Bien entendu il ne s’agit pas de geler le fonctionnement de l’assurance chômage sur les conventions MEDEF- CFDT mais de répondre aux catastrophes sociales annoncées. Mais aussi de préparer la voie à une sécurisation des parcours professionnel qui donne un vrai droit à l‘emploi et à la rémunération en étendant ce droit au pseudo-indépendants dépendants. Aujourd’hui on découvre que la crainte du chômage, les bas salaires sont des obstacles au confinement nécessaire pour freiner la diffusion du virus : il va falloir payer des gens à ne rien faire. Le coût des mesures d’urgence antichômage (en plus des mesures d’économies citées plus haut : chômage partiel étendu aux particuliers employeurs, fonds d’indemnisation pour les indépendants …) pose autrement la question du financement : celui-ci est possible tout comme il est possible de rémunérer des salariées qui ne travaillent pas à condition d’utiliser la solidarité collective : restaurer un niveau de salaire et de cotisations à la protection sociale (l’égalité réelle entre femmes et hommes en premier). Cette solidarité collective ne peut financer que si nous sommes capables de faire contribuer ceux qui au bout de la chaîne profitent des richesses produites dans leur sous-traitance. 

Ceci suppose de réduire drastiquement le pouvoir des actionnaires décideurs du pouvoir sur la production : du plus simple à des réformes plus fortes… 

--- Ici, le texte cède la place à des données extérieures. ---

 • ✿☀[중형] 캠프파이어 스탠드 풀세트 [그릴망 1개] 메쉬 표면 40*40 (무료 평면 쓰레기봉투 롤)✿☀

Il serait indécent que des pillages des cotisations se poursuivent. Il faut que les exonérations des cotisations sociales, que l’État a cessé de rembourser à la Sécurité sociale en 2019, soient payées, car elles servent de justification, mensongère, sur « le déficit » de la Sécurité sociale ; le plus simple est d’imposer un impôt exceptionnel en prenant sur les dividendes et les fonds de placement des grands groupes, car une part de leurs profits viennent des salaires très bas imposés aux « entreprises de main d’œuvre ». Mécanisme facile : on paie trop mal ces salarié.e.s ; leurs patrons ont des exonérations de cotisations ; et l’Etat remboursait en prenant sur les impôts… Il faut que ces messieurs-dames du patronat et des grandes banques et assurances remboursent ! 

Il est injustifiable que les hauts cadres ne paient pas en proportion de leurs revenus « salariaux ». Pas de plafonnement de cotisations au-dessus de 10.000€/mois. Pas de retraites-chapeaux exonérées de 80% de cotisations sur leurs « revenus salariaux ». 

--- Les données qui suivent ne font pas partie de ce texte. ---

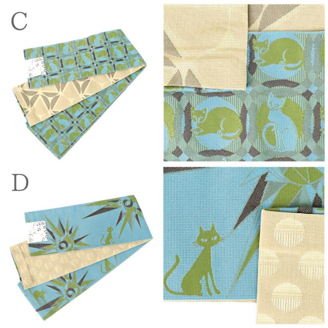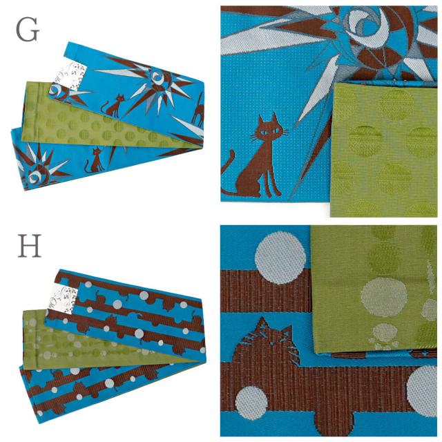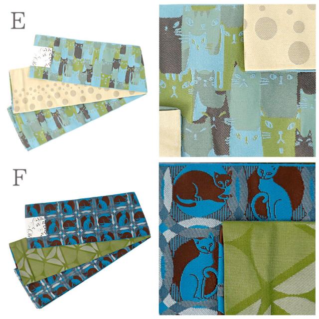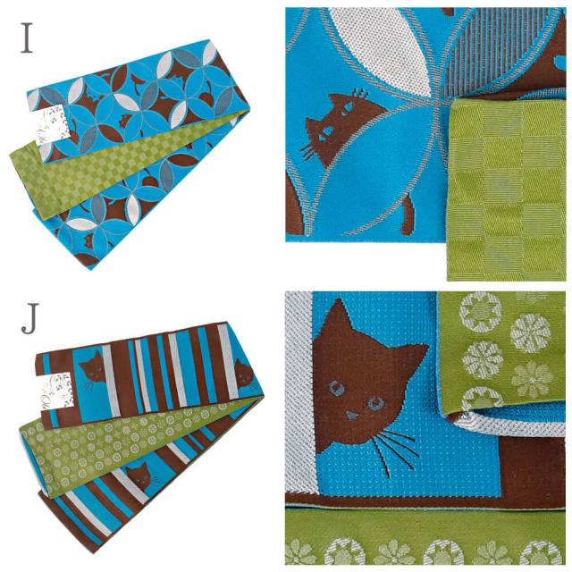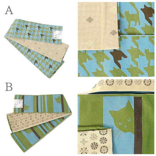 半巾帯 浴衣帯 半幅帯 ゆかた帯 細帯 小袋帯 日本製 個性派 女性浴衣 リバーシブル 大正ロマン お洒落着 パープル 猫 ねこ

Pour se faire accepter en temps de crise, le Président a repris nos idées, qu’il combat depuis des années : « il est des biens et des services qui doivent être placés en dehors des lois du marché. Déléguer note alimentation, notre protection, notre capacité à soigner notre cadre de vie au fond à d’autres est une folie ». Voilà de justes principes ! Quand on gouverne, on en prend les moyens. Mettons dans le débat public un objectif pour le moyen terme la mise sur pied d’une telle solidarité mais aussi parallèlement les développements d’activités socialement et écologiquement utiles hors de la marchandisation et du pouvoir des actionnaires.

Ensemble doit proposer à ses partenaires pour un bloc politico-social une initiative sans tarder sur cette question centrale pour nombre de personnes. Des assemblées populaires pour construire un tel projet peuvent s’appuyer sur les associations et syndicats de chômeur mais aussi sur des secteurs directement touchés par les conséquences du chômage, de la précarité et du sous-emploi. Dans la période d’inquiétude et de morosité il est temps d’ouvrir une perspective d’espoir.